Please repeat, exactly as written, the line containing "Від щирого серця" and every line after it through the end of the records below, leaving out any pictures.

DATASET RECORDS START

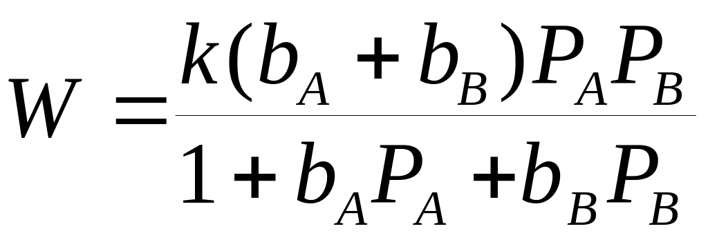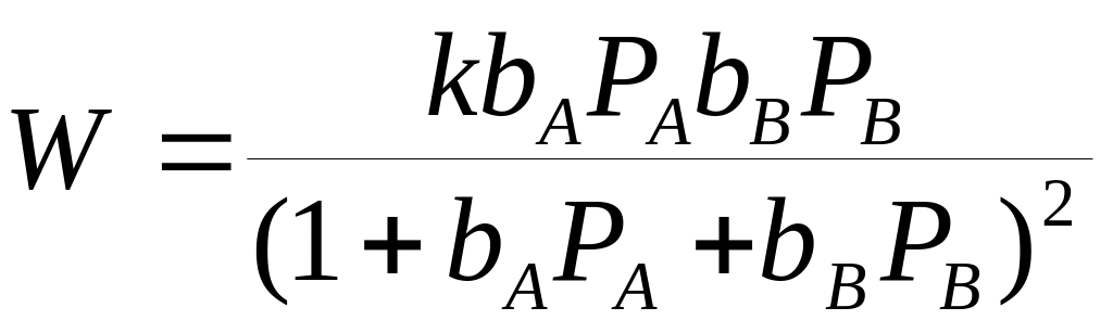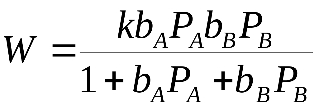 24. Получите уравнение для скорости бимолекулярной гетерогенной каталитической реакции Aгаз + Вгаз Ргаз, происходящей по механизму Ленгмюра-Гиншельвуда, при условии, что вещества А и В адсорбируются на различных каталитических центрах.
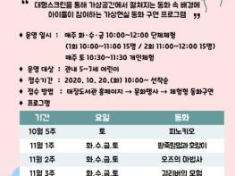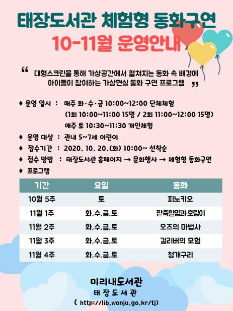 태장도서관 체험동화관에서 매주 화·수·금요일 오전 10시부터 12시까지 어린이집 및 유치원 등 단체 체험, 매주 토요일 오전 10시 30분부터 11시 30분까지 개인 체험으로 진행된다.
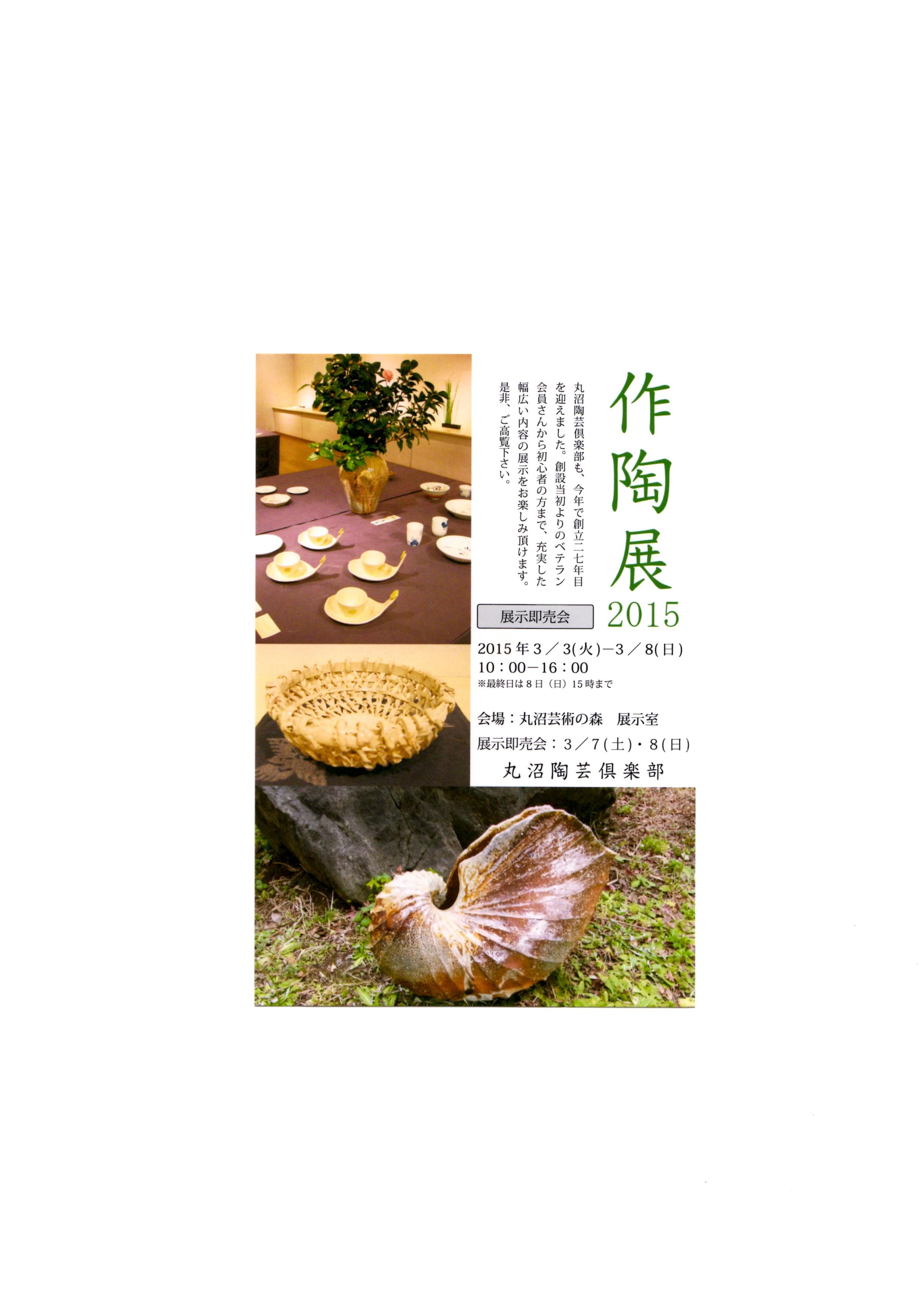 丸沼陶芸倶楽部も、今年で創立二七年目を迎えました。 創設当初よりのベテラン会員さんから初心者の方まで、充実した幅広い内容の展示をお楽しみ頂けます。 是非、ご高覧ください。 会場;丸沼芸術の森 展示室 日時;3月3日(火)〜 3月8日(日)10:00〜16:00 ※最終日は15:00まで 丸沼陶芸倶楽部前にて、展示即売会を開催します。是非、お立ち寄りくださいませ。
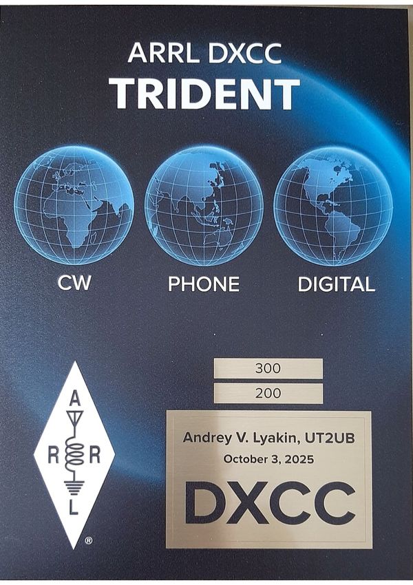 Від щирого серця вітаю Андрія Лякіна UT2UB з отриманням першої в Україні плакетки DXCC Trident 300 та бажаю подальших творчих успіхів!
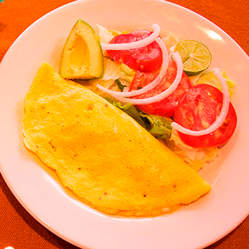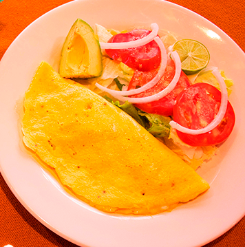 Rico omelette con queso tipo Oaxaca y jamón acompañado de ensalada mixta y aguacate.
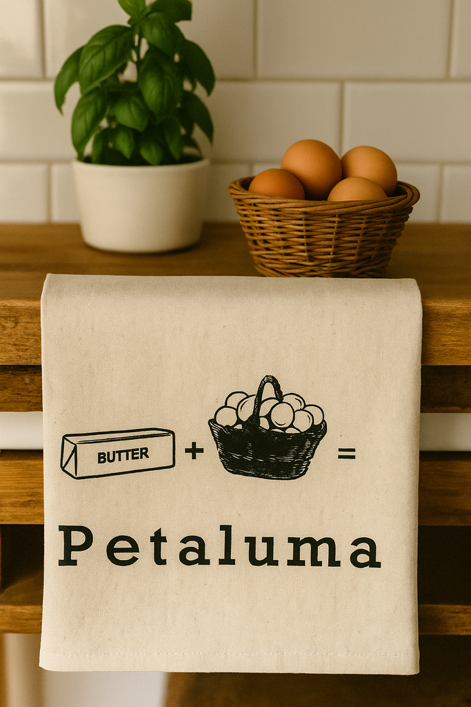 A charming nod to Petaluma’s dairy heritage, this natural cotton tea towel celebrates the city’s “Butter & Eggs” legacy with simple, timeless style. Featuring vintage-inspired illustrations of butter, eggs, and the word Petaluma, it’s perfect for adding a touch of farmhouse character to any kitchen. Lovely as a hostess gift or everyday accent, this towel brings a little piece of Sonoma County home
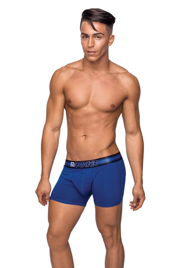 Pouch Short, moderate, mid cut leg, fictional pouch pocket, sleek gradient waistband

DATASET RECORDS END

**WORKED SOLUTION**
 Від щирого серця вітаю Андрія Лякіна UT2UB з отриманням першої в Україні плакетки DXCC Trident 300 та бажаю подальших творчих успіхів!
 Rico omelette con queso tipo Oaxaca y jamón acompañado de ensalada mixta y aguacate.
 A charming nod to Petaluma’s dairy heritage, this natural cotton tea towel celebrates the city’s “Butter & Eggs” legacy with simple, timeless style. Featuring vintage-inspired illustrations of butter, eggs, and the word Petaluma, it’s perfect for adding a touch of farmhouse character to any kitchen. Lovely as a hostess gift or everyday accent, this towel brings a little piece of Sonoma County home
 Pouch Short, moderate, mid cut leg, fictional pouch pocket, sleek gradient waistband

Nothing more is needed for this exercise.